*Problem:*
This exercise calls for retyping every line below exactly, with the images omitted.

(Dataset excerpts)
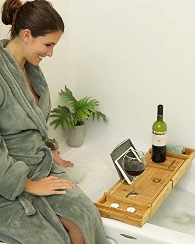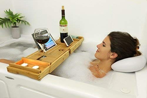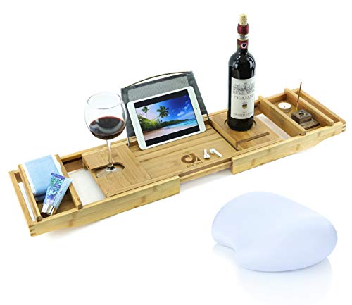 - ✓ "عرض محدود الوقت" صينية حوض استحمام مصممة حديثًا مع جوانب قابلة للتمدد، تفتح حتى 43 انش + ! تخيل الانغماس في حوض استحمام ساخن أثناء استخدام موبايل ايفون الخاص بك، أو مشاهدة برنامجك التلفزيوني المفضل أو ببساطة قراءة كتابك المفضل أثناء الاستمتاع بكأس من النبيذ (أو المشروبات المفضلة) دون القلق بشأن انقلابه. تسمح لك هذه العلبة/ الصينية المذهلة بالقيام بذلك. ولكن هذا ليس كل شيء! بالإضافة إلى علبة حوض الاستحمام الراقية هذه، ستحصل أيضًا على وسادة حمام مريحة للاستجمام.
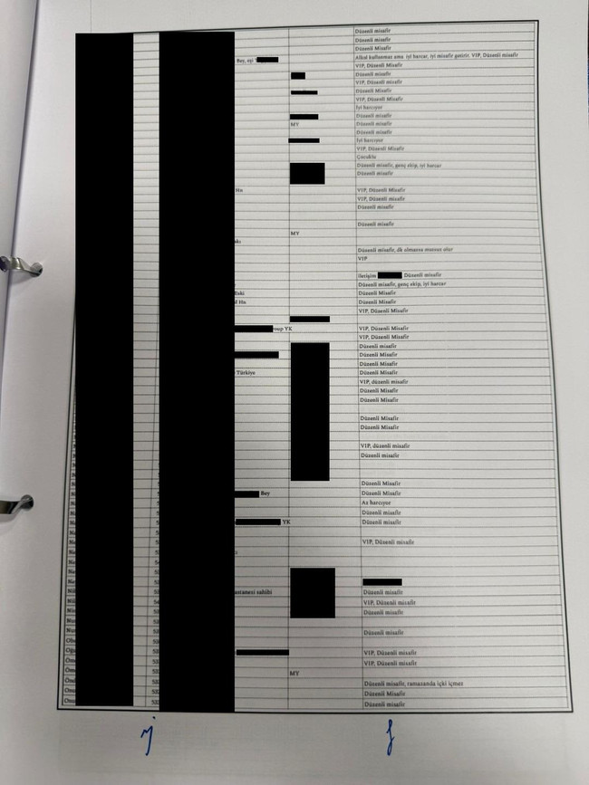 Gazeteci Burak Doğan'ın haberine göre Bebek Otel sahibi Muzaffer Yıldırım’ın telefon dijitallerindeki incelemelerde otele gelen müşterilerin fişlendiği ortaya çıkarken müşterileri kategorilendiren Yıldırım müşterilerin isimlerini ve referanslarını, sıfatlarını ve özelliklerini tek tek fişlettiği belirlendi.
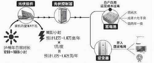 王坤介紹,氣象部門披露的數(shù)據(jù)顯示,多年以來,瀘州的年日照時(shí)長可達(dá)1200至1600小時(shí)。“根據(jù)我目前的裝機(jī)容量。太陽每照耀一小時(shí),即可發(fā)電10度。一年下來,可發(fā)電1.2萬度至1.6萬度。國家電網(wǎng)目前收購價(jià)為1元/度,這也意味著,單靠樓頂這個(gè)發(fā)電站,保守估計(jì),每年可實(shí)現(xiàn)收入1.2萬元。建設(shè)這個(gè)小型發(fā)電項(xiàng)目,投入為7萬余元。7年即可收回成本。由于使用年限可達(dá)20至25年,剩下的時(shí)間,則為純利潤。”
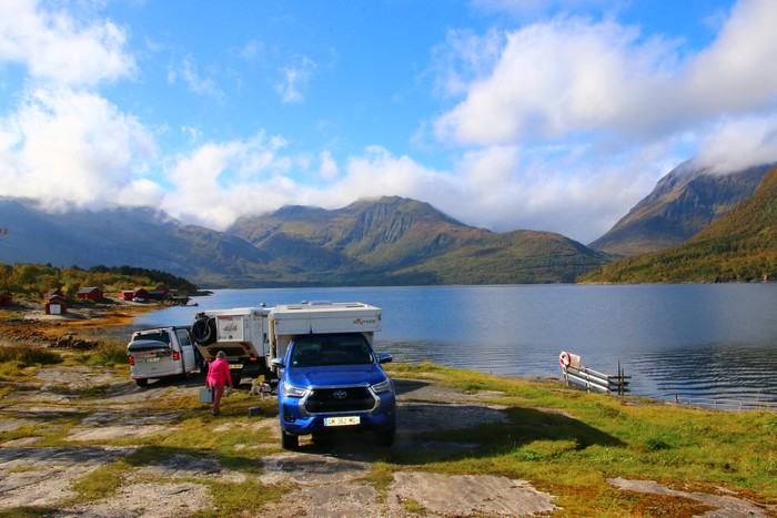 Mais dans le doute direction le garage Volkswagen pour un passage à la valise afin de rassurer Momo pour la suite du raid. Nous laissons donc l’équipage du van pour aller faire un petit tour dans la région. En route pour l’église en bois de Kabelvag, le paysage est de toute beauté.
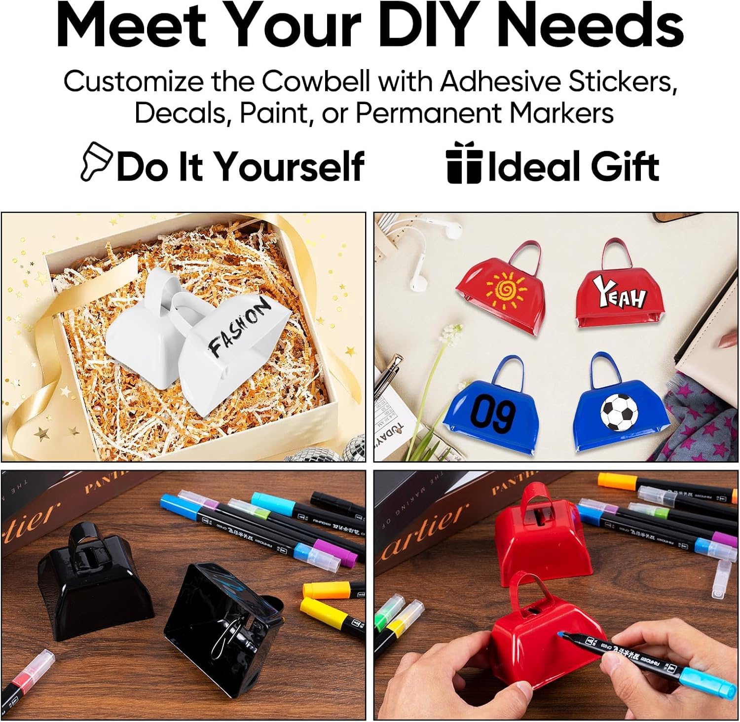- Cowbells with Handle: Coming with 12 pieces cow bells bulk with top handles, easy to carry. The small cowbell offer a blank drawing with a plain surface that allows for easy personalization using markers, stickers, labels, paint or engraving. When not use, beautiful cowbell noisemakers can be hung on the wall or as craft to save space and decorate the room, also can add atmosphere and visual effects in Christmas, Halloween, weddings, and other special festivals.
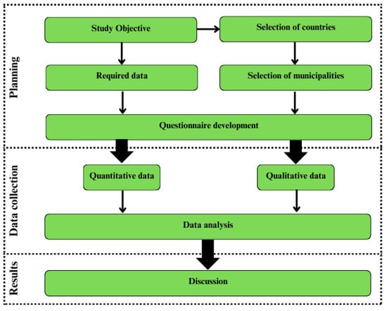 As presented in Figure 1, after defining the general objective of the study, the subsequent steps involved determining the countries and municipalities to be considered. In this case, in addition to the similarities between the two countries (language, culture, among others), a small number of studies addressing home health services in each country were identified. The cities were selected based on the recommendation of the national manager of home health in each country, considering criteria such as productivity, workload, and service quality. Consequently, the necessary data to achieve the proposed objective were defined. The type of questionnaire and the questions were determined considering indicators related to the general characterization of services, required resources, planning, materials, and information recording. After obtaining favorable opinions from the ethics committees, the scheduling process began with the managers of each team and municipality. The application was conducted in person, and both quantitative and qualitative data were collected. These data were subsequently inputted and organized in Google Sheets and subsequently analyzed. The results are presented and discussed in this study.
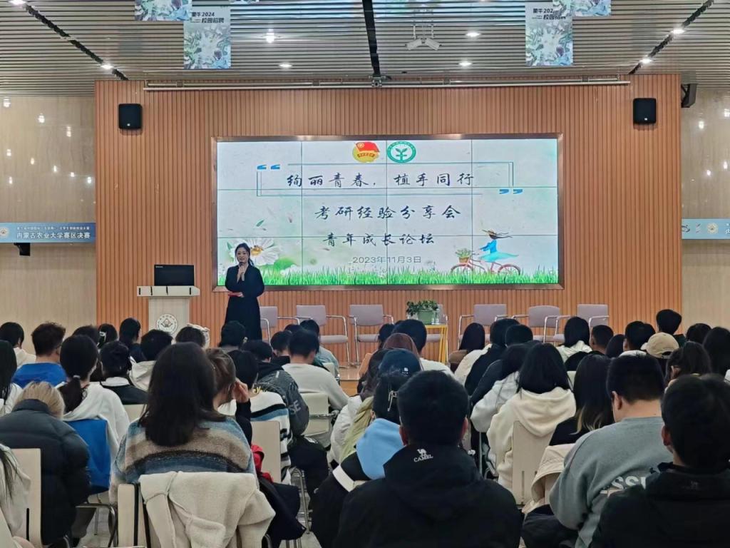 活动中,主持人风趣幽默地提问,引导嘉宾们从不同角度分享了自己的考研故事。16级园艺二班王蕊分享了自己保研后选择留在本校读研的原因,让同学们对考研时的“去”与“留”有了更明确的选择,同时,她建议同学们在压力大时可以通过看书和运动来缓解。18级园艺二班徐磊分享了考研过程中学习英语的方法,从背单词到听听力,徐磊告诉同学们一定要坚持,在想要放弃的时候及时调整心态,以乐观的心态备战考试。19级园艺二班张芷若讲到考研科目的转变以及志愿的转换,提出要根据实际情况适时调整,选择一条最适合自己的路,制定合适自己的目标,为自己选择的目标而努力。19级设农一班刘岩对于考研的学校和专业的选择给大家讲了自己当初是如何选定的,选定的时候要结合自身复习程度,他鼓励同学们想要挑战跨专业报考要早些做准备,打好基础努力学习。19级园艺二班梁朝阳主要讲述自己的每天三小时“无干扰”学习法,很好地平衡了工作和学习,在最后的冲刺阶段努力克服困难成功上岸。19级设农二班潘智伟讲述了在自己的“战友”女朋友的督促下,两人是如何相互监督,共同成为更好的自己。最后,活动设置了问答环节,台下的同学们踊跃提问,各位嘉宾们耐心细致地解答同学们对于考研提出的相关问题,致力于激发大家学习的热情,解决大家学习和生活中遇到的问题。
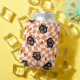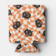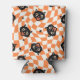 This vintage-inspired pattern features charming black cat faces with large, wide eyes and open mouths, giving them an expression of surprise or excitement. The cats are set against a vibrant, retro orange and cream chequered background with a wavy, distorted effect, evoking a sense of playful movement. Small black stars are scattered throughout the design, adding an extra element of whimsy and nostalgia. The combination of the classic Halloween colours and the bold, stylised cat faces creates a fun, slightly spooky aesthetic that harkens back to mid-century vintage design.
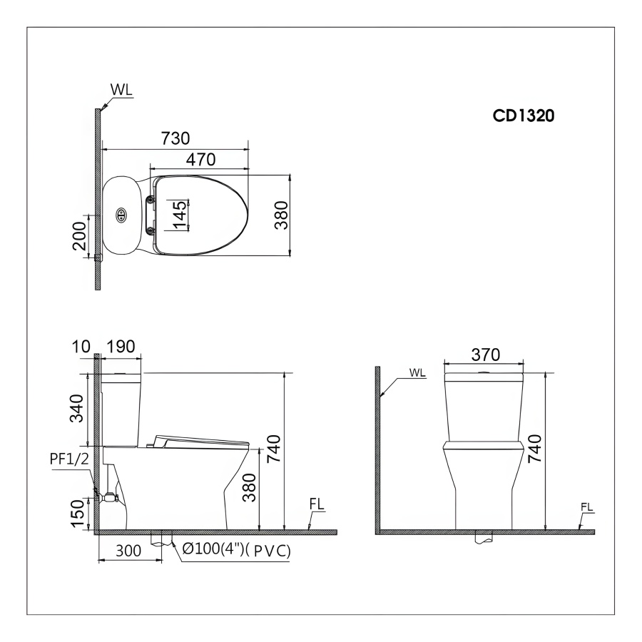 Bản vẽ kích thước bồn cầu nắp rửa điện tử Caesar CD 1320 TAF610H
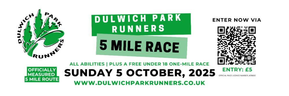 An opportunity to test yourself over 5 miles. Perhaps you've been doing 5k and would like to go a little further? Or would you like to challenge your 5-mile PB? All abilities welcome. The event takes place in Dulwich Park and the surrounding streets. (It's not just 5 laps of Dulwich Park!) Organised by local running club, DULWICH PARK RUNNERS Only £5.00 entry Reg
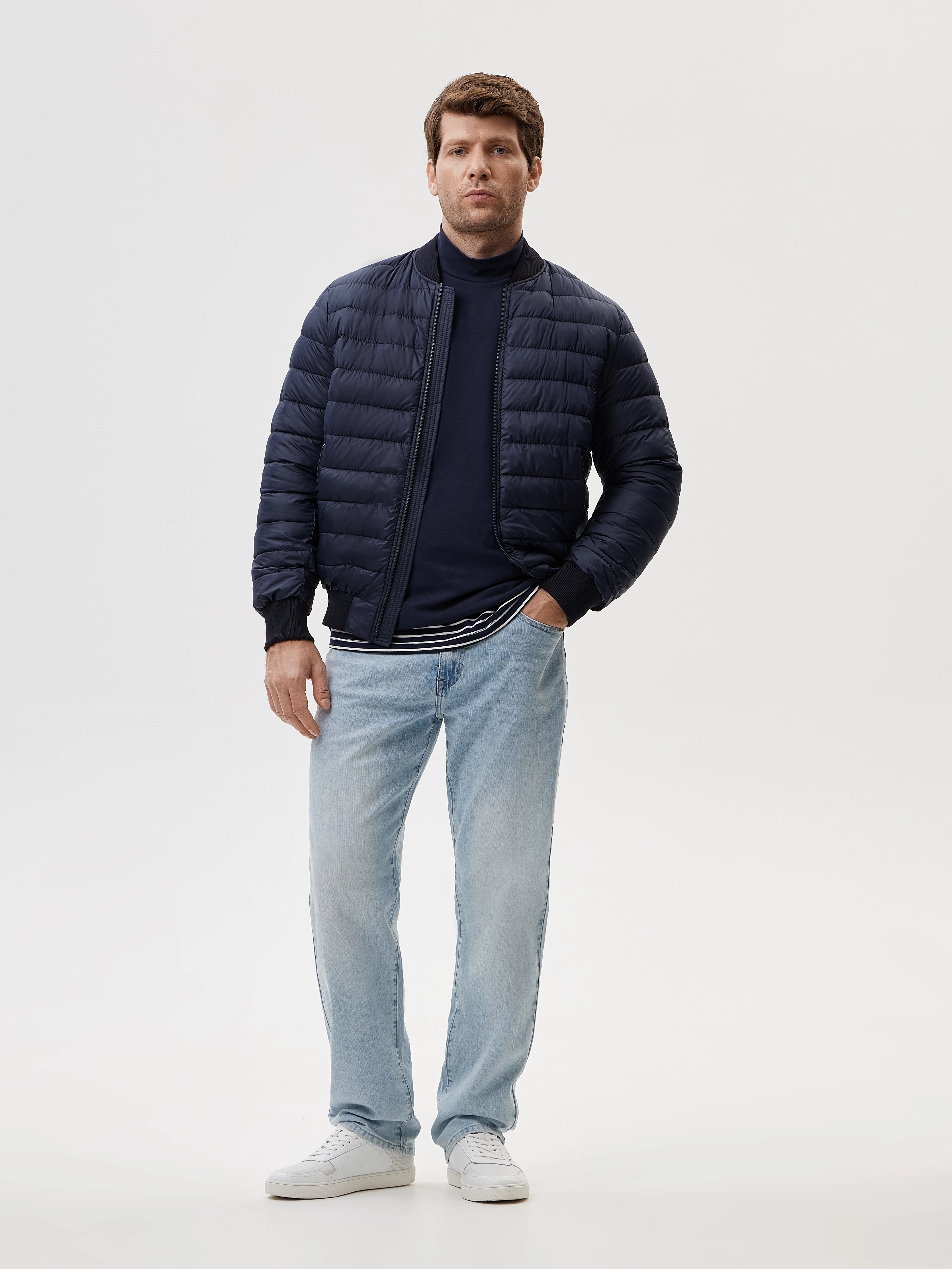 Стильный бомбер силуэта regular с горизонтальной стежкой подойдет для образа в спортивном, кэжуал и смарт кэжуал стиле. Модель хорошо защищает холодного ветра, выполнена с внутренним ветрозащитным клапаном и традиционными для бомбера подвязами по горловине, низу и рукавам. Благодаря полному циклу производства, подвязы созданы на собственной фабрике с помощью японских плосковязальных машин Shima Seiki. Для дополнительной функциональности, куртка дополнена прорезными боковыми карманами с вертикальным входом и внутренним карманом. Для стилизации бомбер декорирован круглым брендированным бейджем и молниями с брендированными пуллерами. Весенний тонкий пуховик выполнен из качественной плащевой ткани с влагозащитной пропиткой и утеплен синтепухом. Синтепух - это современный высокотехнологичный наполнитель, отличающийся легкостью, упругостью и хорошими теплоизоляционными свойствами. Благодаря горизонтальной стежке, выполненной на собственном производстве, наполнитель правильно распределен внутри изделия и надежно зафиксирован. Глубокий, контрастный и строгий темно-синий хорошо сочетается с денимом, моделями из костюмной ткани и из трикотажного полотна капсулы PERFECT BASE.

*Result below:*
 - ✓ "عرض محدود الوقت" صينية حوض استحمام مصممة حديثًا مع جوانب قابلة للتمدد، تفتح حتى 43 انش + ! تخيل الانغماس في حوض استحمام ساخن أثناء استخدام موبايل ايفون الخاص بك، أو مشاهدة برنامجك التلفزيوني المفضل أو ببساطة قراءة كتابك المفضل أثناء الاستمتاع بكأس من النبيذ (أو المشروبات المفضلة) دون القلق بشأن انقلابه. تسمح لك هذه العلبة/ الصينية المذهلة بالقيام بذلك. ولكن هذا ليس كل شيء! بالإضافة إلى علبة حوض الاستحمام الراقية هذه، ستحصل أيضًا على وسادة حمام مريحة للاستجمام.
 Gazeteci Burak Doğan'ın haberine göre Bebek Otel sahibi Muzaffer Yıldırım’ın telefon dijitallerindeki incelemelerde otele gelen müşterilerin fişlendiği ortaya çıkarken müşterileri kategorilendiren Yıldırım müşterilerin isimlerini ve referanslarını, sıfatlarını ve özelliklerini tek tek fişlettiği belirlendi.
 王坤介紹,氣象部門披露的數(shù)據(jù)顯示,多年以來,瀘州的年日照時(shí)長可達(dá)1200至1600小時(shí)。“根據(jù)我目前的裝機(jī)容量。太陽每照耀一小時(shí),即可發(fā)電10度。一年下來,可發(fā)電1.2萬度至1.6萬度。國家電網(wǎng)目前收購價(jià)為1元/度,這也意味著,單靠樓頂這個(gè)發(fā)電站,保守估計(jì),每年可實(shí)現(xiàn)收入1.2萬元。建設(shè)這個(gè)小型發(fā)電項(xiàng)目,投入為7萬余元。7年即可收回成本。由于使用年限可達(dá)20至25年,剩下的時(shí)間,則為純利潤。”
 Mais dans le doute direction le garage Volkswagen pour un passage à la valise afin de rassurer Momo pour la suite du raid. Nous laissons donc l’équipage du van pour aller faire un petit tour dans la région. En route pour l’église en bois de Kabelvag, le paysage est de toute beauté.
- Cowbells with Handle: Coming with 12 pieces cow bells bulk with top handles, easy to carry. The small cowbell offer a blank drawing with a plain surface that allows for easy personalization using markers, stickers, labels, paint or engraving. When not use, beautiful cowbell noisemakers can be hung on the wall or as craft to save space and decorate the room, also can add atmosphere and visual effects in Christmas, Halloween, weddings, and other special festivals.
 As presented in Figure 1, after defining the general objective of the study, the subsequent steps involved determining the countries and municipalities to be considered. In this case, in addition to the similarities between the two countries (language, culture, among others), a small number of studies addressing home health services in each country were identified. The cities were selected based on the recommendation of the national manager of home health in each country, considering criteria such as productivity, workload, and service quality. Consequently, the necessary data to achieve the proposed objective were defined. The type of questionnaire and the questions were determined considering indicators related to the general characterization of services, required resources, planning, materials, and information recording. After obtaining favorable opinions from the ethics committees, the scheduling process began with the managers of each team and municipality. The application was conducted in person, and both quantitative and qualitative data were collected. These data were subsequently inputted and organized in Google Sheets and subsequently analyzed. The results are presented and discussed in this study.
 活动中,主持人风趣幽默地提问,引导嘉宾们从不同角度分享了自己的考研故事。16级园艺二班王蕊分享了自己保研后选择留在本校读研的原因,让同学们对考研时的“去”与“留”有了更明确的选择,同时,她建议同学们在压力大时可以通过看书和运动来缓解。18级园艺二班徐磊分享了考研过程中学习英语的方法,从背单词到听听力,徐磊告诉同学们一定要坚持,在想要放弃的时候及时调整心态,以乐观的心态备战考试。19级园艺二班张芷若讲到考研科目的转变以及志愿的转换,提出要根据实际情况适时调整,选择一条最适合自己的路,制定合适自己的目标,为自己选择的目标而努力。19级设农一班刘岩对于考研的学校和专业的选择给大家讲了自己当初是如何选定的,选定的时候要结合自身复习程度,他鼓励同学们想要挑战跨专业报考要早些做准备,打好基础努力学习。19级园艺二班梁朝阳主要讲述自己的每天三小时“无干扰”学习法,很好地平衡了工作和学习,在最后的冲刺阶段努力克服困难成功上岸。19级设农二班潘智伟讲述了在自己的“战友”女朋友的督促下,两人是如何相互监督,共同成为更好的自己。最后,活动设置了问答环节,台下的同学们踊跃提问,各位嘉宾们耐心细致地解答同学们对于考研提出的相关问题,致力于激发大家学习的热情,解决大家学习和生活中遇到的问题。
 This vintage-inspired pattern features charming black cat faces with large, wide eyes and open mouths, giving them an expression of surprise or excitement. The cats are set against a vibrant, retro orange and cream chequered background with a wavy, distorted effect, evoking a sense of playful movement. Small black stars are scattered throughout the design, adding an extra element of whimsy and nostalgia. The combination of the classic Halloween colours and the bold, stylised cat faces creates a fun, slightly spooky aesthetic that harkens back to mid-century vintage design.
 Bản vẽ kích thước bồn cầu nắp rửa điện tử Caesar CD 1320 TAF610H
 An opportunity to test yourself over 5 miles. Perhaps you've been doing 5k and would like to go a little further? Or would you like to challenge your 5-mile PB? All abilities welcome. The event takes place in Dulwich Park and the surrounding streets. (It's not just 5 laps of Dulwich Park!) Organised by local running club, DULWICH PARK RUNNERS Only £5.00 entry Reg
 Стильный бомбер силуэта regular с горизонтальной стежкой подойдет для образа в спортивном, кэжуал и смарт кэжуал стиле. Модель хорошо защищает холодного ветра, выполнена с внутренним ветрозащитным клапаном и традиционными для бомбера подвязами по горловине, низу и рукавам. Благодаря полному циклу производства, подвязы созданы на собственной фабрике с помощью японских плосковязальных машин Shima Seiki. Для дополнительной функциональности, куртка дополнена прорезными боковыми карманами с вертикальным входом и внутренним карманом. Для стилизации бомбер декорирован круглым брендированным бейджем и молниями с брендированными пуллерами. Весенний тонкий пуховик выполнен из качественной плащевой ткани с влагозащитной пропиткой и утеплен синтепухом. Синтепух - это современный высокотехнологичный наполнитель, отличающийся легкостью, упругостью и хорошими теплоизоляционными свойствами. Благодаря горизонтальной стежке, выполненной на собственном производстве, наполнитель правильно распределен внутри изделия и надежно зафиксирован. Глубокий, контрастный и строгий темно-синий хорошо сочетается с денимом, моделями из костюмной ткани и из трикотажного полотна капсулы PERFECT BASE.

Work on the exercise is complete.